Map indexes to a list of indexes for each sub-population.

sort_by_allele_freq(**kwargs)

Return a new population in which the index attributed to each allele in each locus is sorted by the frequency in the population. After that, allele 1 will be the most common, allele 2 is the second most common and so on.

The .plot attribute

Each kpop.Population or kpop.MultiPopulation instance have a .plot attribute that defines a namespace with many different plotting utilities.

Other utility types

Representing probabilities

class kpop.prob.Prob(data, normalize=True, support=None)[source]

A dictionary-like object that behaves as a mapping between categories to their respective probabilities.

encode(coding=None)[source]

Encode probability distribution as a vector.

Parameters:coding – a sequence of ordered categories.

Example

>>> prob = Prob({'a': 0.75, 'b': 0.25})
>>> prob.encode(['b', 'a'])
[0.25, 0.75]
entropy()[source]

Return the Shannon entropy for the probability distribution.

kl_divergence(q: collections.abc.Mapping)[source]

Return the Kullback-Leibler divergence with probability distribution.

This is given by the formula:

$KL = sum_i p_i ln

rac {p_i} {q_i},$

in which p_i comes from the probability object and q_i comes from the argument.
max()[source]

Return the value of maximum probability.

classmethod mixture(coeffs, probs)[source]

Create a mixture probability from the given coeffs and list of Probs objects.

Parameters:
  • coeffs – Mixture coefficients. These coefficients do not have to be normalized.
  • probs – List of Prob objects.
Returns:

A Prob object representing the mixture.

mode()[source]

Return the element with the maximum probability.

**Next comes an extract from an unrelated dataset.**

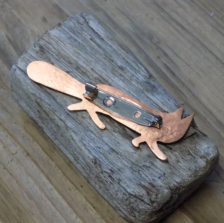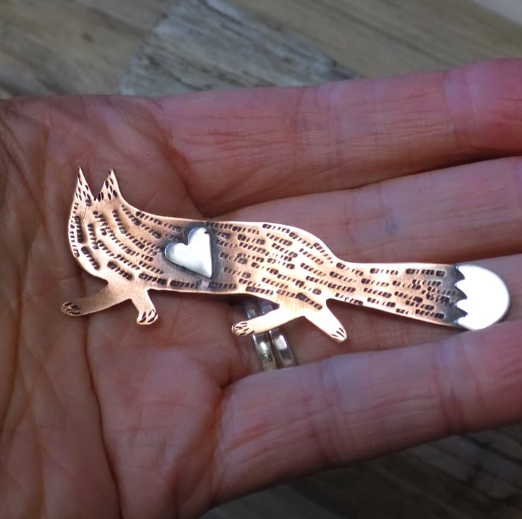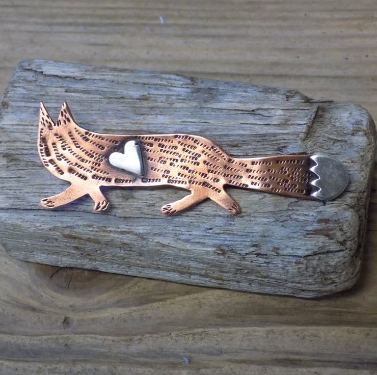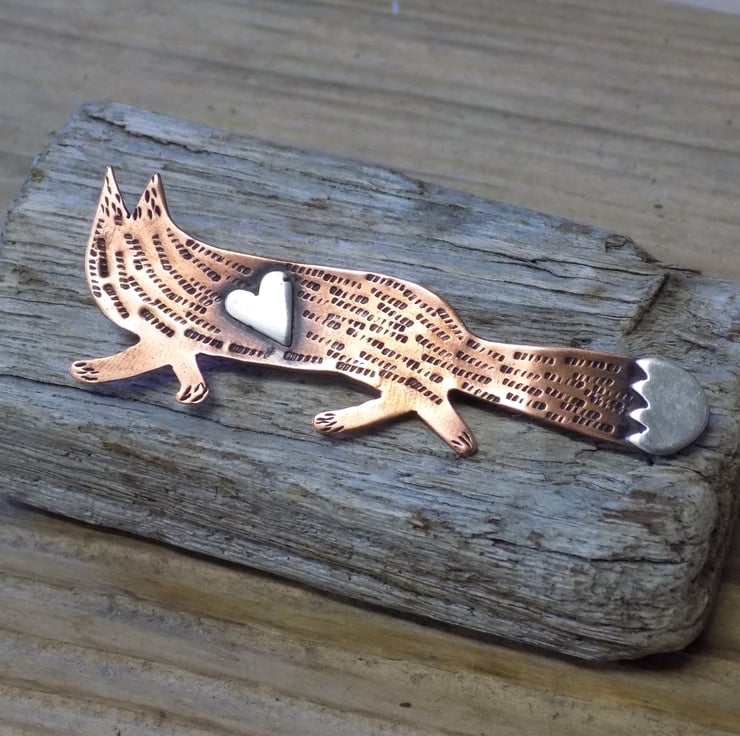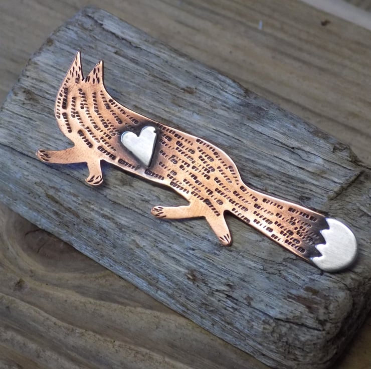 Designed and hand sawn from 1mm thick copper sheet. Each textured stroke has been stamped onto the copper to create the foxes coat and a sterling silver heart has been soldered to the front plus the 'white' tip of the foxes tail. The whole pendant has been given an aged effect which picks out all the detail and texture creating a lovely contrast between the silver and copper. A sturdy brooch setting has been fixed to the back with very strong jewellers glue.

If more than one element shares the maximum probability, return an arbitrary value within this set.

mode_set()[source]

Return a set of elements that share the maximum probability.

random()[source]

Returns a random element.

random_sequence(size)[source]

Returns a sequence of random elements.

set_support(support)[source]

Defines the support set of distribution.

If elements exist in support, they are forced to exist in distribution, possibly with zero probability. If element exists in the distribution but is not present in support, raises a ValueError.

sharp(mode_set=True)[source]

Return a sharp version of the probability distribution.

All elements receive probability zero, except the mode which receives probability one.

update_support(support)[source]

Force all elements in support to be explicitly present in distribution (possibly with null probability).

Parameters:support – a list of elements in the support set for probability distribution.

Utility modules

Plotting

kpop.plots contains a few useful plotting functions based on matplotlib.

Loading objects

Functions from the kpop.loaders module are responsible for loading Population objects from files.